Sleep disturbances and mild cognitive impairment: A review

Renata Alves Pachota Chaves da Silva 1,1
PMCID: PMC4608881  PMID: 26483941

Abstract

Objective

Mild cognitive impaired (MCI) is viewed as a transitional stage from normal to dementia. The aim of this study is analyze the sleep disturbances in subjects diagnosed as carries MCI.

Methods

A review of the literature was conducted in order to document sleeps problems in the context of MCI.

Results

Among the studies that compares the prevalence of sleep disturbances between subjects with MCI and those with normal cognition demonstrated that night time behaviors are more common in MCI patients (18.3–45.5%) than in normal population (10.9–23.3%).

Conclusions

Sleep disturbance is prevalent and predictive of cognitive decline in older people and in those with neurodegenerative disorders. The sleep problems have to be identified and treat to preserve the cognition and the MCI subjects with sleep disturbances have to be follow more closely to identify the initial signs of dementia.

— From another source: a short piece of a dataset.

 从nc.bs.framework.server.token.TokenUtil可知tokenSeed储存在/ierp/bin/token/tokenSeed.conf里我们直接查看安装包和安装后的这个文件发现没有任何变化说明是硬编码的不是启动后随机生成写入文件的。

Keywords: Sleep disturbance, Mild cognitive impairment, Sleep apnea, Dementia, Elderly

1. Introduction

Mild cognitive impaired (MCI) is viewed as a transitional stage from normal to dementia. Patients affected with this condition have a higher turn-over rate to Alzheimer′s disease (AD) with the average rate of 10–15% annually over 5 year [1]. But which of these patients will evolve to AD? Which of these we have to follow more closely? And in the future, if disease-modifying drugs for AD became available, which patients will be chosen to take these medicines? Maybe the answer is in the comorbidities, particularly the neuropsychiatric ones.

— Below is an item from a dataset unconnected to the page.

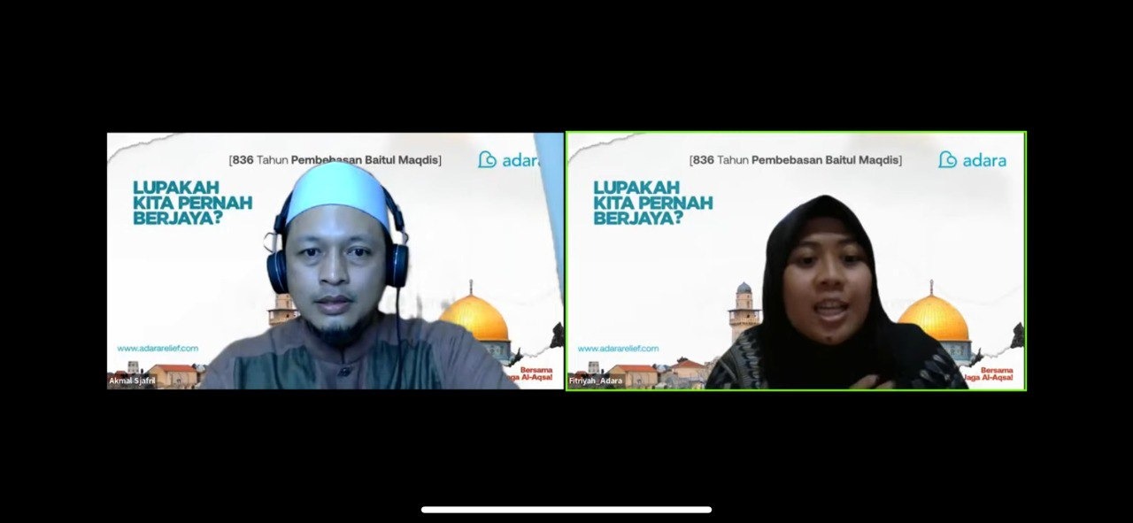 Mediakawasan.co.id, Jakarta — 1 Oktober 2023 lalu Adara Relief International mengadakan webinar edukasi bertema “836 Tahun Pembebasan Baitul Maqdis oleh Generasi Shalahuddin”. Akmal Sjafril, S.T., M.Pd.I., sejarawan dan peneliti dihadirkan sebagai pembicara kegiatan ini. Dihadiri oleh 628 peserta daring melalui kanal Zoom dan Youtube live para peserta sangat antusias menyimak hingga akhir acara.

The definition of this transitional stage was proposed by some authors like the National Institute of Mental Health that, in 1986, proposed the term age-associated memory impairment (AAMI) that characterize memory changes in ageing which were felt to be a manifestation of normal cognition [2]. But the most used concept is the one proposed by Petersen in 2004 [3]. The essential features of these criteria for MCI include: (i) memory complaint usually corroborated by an informant, (ii) objective memory impairment for age, (iii) essentially preserved general cognitive function, (iv) largely intact functional activities, (v) not demented. No particular test or cutoff score is specified. Beyond the definition, the author has been proposed clinical subtypes of MCI. The criteria described define the amnestic MCI subtype (aMCI) which is used for subjects who have memory impairment. If no memory impairment is present then the subject has non amnestic MCI (naMCI). After that, subject is classified in aMIC-single domain or naMCI-single domain if only a single domain (in case of aMIC is memory) is impaired or aMCI-multiple domain or naMCI-multiple domain if multiple domains are impaired (in aMCI it must be included memory). The most typical MCI patient is one who has memory impairment beyond what is expected to be normal for age but is relatively intact in other cognitive domains and this impairment is no sufficient severity to constitute dementia [3].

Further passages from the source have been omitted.